This post contains moderate spoilers for Netflix’s Behind Your Touch, episodes 1 and 2.
When I saw Netflix’s listing for Behind Your Touch, a Korean show, I put it right onto my list — a psychic vet teams up with a detective to solve crimes? Sounds like fun. Netflix put it under the “comedy” tag, and while there are funny parts, I’m not sure such an easy genre description is possible.
Before I put the show on, I told Partner 2 (who I’m watching it with) that “this is supposed to be cute.” So of course it starts with the main character’s mother drowning in her car, which has driven off a jetty. That… is not cute. I mean, it’s certainly a real thing that could happen, but it’s pretty serious for a comedy. Right after that, the main character (Ye-bun) moves to the town of Mujin to live with her aunt and grandfather, and that’s when the story kicks into high gear and attempts to get funny, showing us a very fast progression of Ye-bun’s high school, college, and post-collegiate career. But then it gets serious again when we see that Ye-bun’s grandfather refuses to speak to her. (The reason is explained later, but again… not really comedic.)
Ye-bun (I’m just now realizing that might be a pun), now a 35-year-old veterinarian, goes out one night to check on a cow who’s close to calving and just as she touches the cow’s haunches, a meteor hits and gives her psychic powers… but only if she touches a butt.
My inner 12-year-old found this quite amusing.
Ye-bun figures out her powers and then attempts them on a human — much to her chagrin when a police detective brings her in for groping — and she uses her powers to improve her fortunes at her veterinary office.
Meanwhile, the other main character, Jang-yeol, is a disgraced police detective transferred to Mujin from Seoul after screwing up a big narcotics bust. Pretty standard stuff for a cop show, and ripe for some fish-out-of-water comedy. He’s pushing to get transferred back to Seoul, but Mujin is a small farming-and-fishing town (though not too small) and there isn’t much major crime for him to bust.
Oh, and there’s also Ye-bun’s friend, Ok-hee, whose family name is Deok-hee. Yes, “okey-dokey”. That has to be on purpose. Deok-hee’s brother is a police officer as well who is partnered with Jang-yeol.
The show continues to defy genre conventions when Ye-bun is sold to a fish farmer (by her aunt) to do drudgery work — vaccinate 10,000 flatfish, with help from some other folks. This is treated as funny, when it really isn’t. I’m guessing the humor doesn’t translate from Korean in this case. But for American audiences, it’s a weird sidebar that does eventually lead to Jang-yeol making what he thinks is a big drug bust. And then, at the end of episode two, there’s a slightly-graphic scene of a local serial killer abducting a woman that is definitely not comedy.

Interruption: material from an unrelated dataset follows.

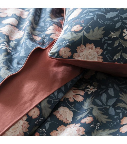 Le modèle Fairy Blossom réinterprète à sa façon le floral exubérant façon William Morris, pour une chambre tendance et raffinée. Au recto, vous trouverez ces sublimes motifs floraux travaillés sur un fond bleu marine, et au verso un uni bois de rose.
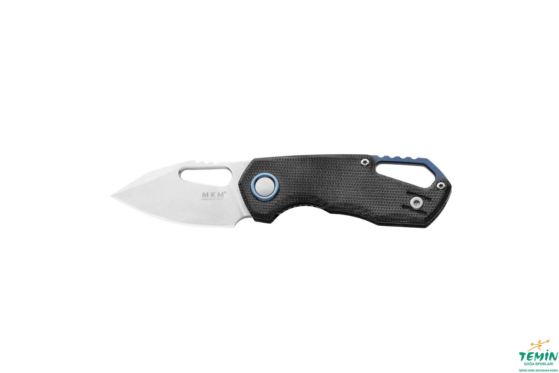 Yandan kilitli (linerlock) çakıda, siyah kanaviçe mikarta (black canvas micarta) sap malzemesi bulunmaktadır. Kanaviçe mikarta, keten (linen) mikartaya göre daha geniş gözenekli olup daha kaba ve kavranabilir yapıdadır. Mikarta sap hem suya hem de ateşe dayanıklıdır ve ıslak koşullarda bile iyi kavranabilmektedir. Sap malzemesi içine gömülü çelik astarlar, sağlamlığı pekiştirmektedir. Sapın yerine takılmasında yine paslanmaz çelik bağlantı elemanlarının [Cıvataları söküp takabileceğiniz tork anahtarı (6/8) da pakete dâhildir.] kullanıldığı bu versiyonda, anodize edilerek mavi renk alan titanyum ara parça sayesinde, geniş bir kordon deliği (lanyard hole) elde edilmiştir. İçinden kapaklı çengel (çengel karabina da denmektedir) geçebilecek genişlikte olmasıyla pratiklik (Dağcılıkta, rafting sırasında ve hatta doğa yürüyüşlerinde bu tür taşıma tercih edilebilmektedir.) sağlayan bu kordon deliği, namludaki başparmak deliği ile uyum taşımaktadır. Her iki deliğin arkasında da kavramaya yardımcı çentiklere yer verilerek çakıya hâkimiyet artırılmıştır. MKM’nin alametifarikası sayılan pivot bağlantı elemanı pulu, yine mavi renk alacak biçimde anodize edilerek, ara parçayla uyumlu kılınan titanyumdur. MKM’nin kullanmayı sevdiği mavi rengin kökeninde ise, Maniago bıçak üretiminin ilk itiş gücünü sağlayan nehirler bulunmaktadır.

The show has 16 episodes, and each one is long — over an hour. I’m not sure what’s going to happen. It’s a cute show at times, and it has lots of butts and dogs (including a very sad scene with an old man and his old dog near the end of episode one that had me tearing up a bit — and no, the dog doesn’t get euthanized), both of which are things I enjoy. I mean, if you had psychic powers that only worked when you touched someone’s butt, you’d have to laugh at the inherent humor in the situation. Either that or never use your powers.
By the way, it took me almost to the end of episode two to realize that Behind Your Touch is also a play on words (or perhaps a double-entendre). That was clever.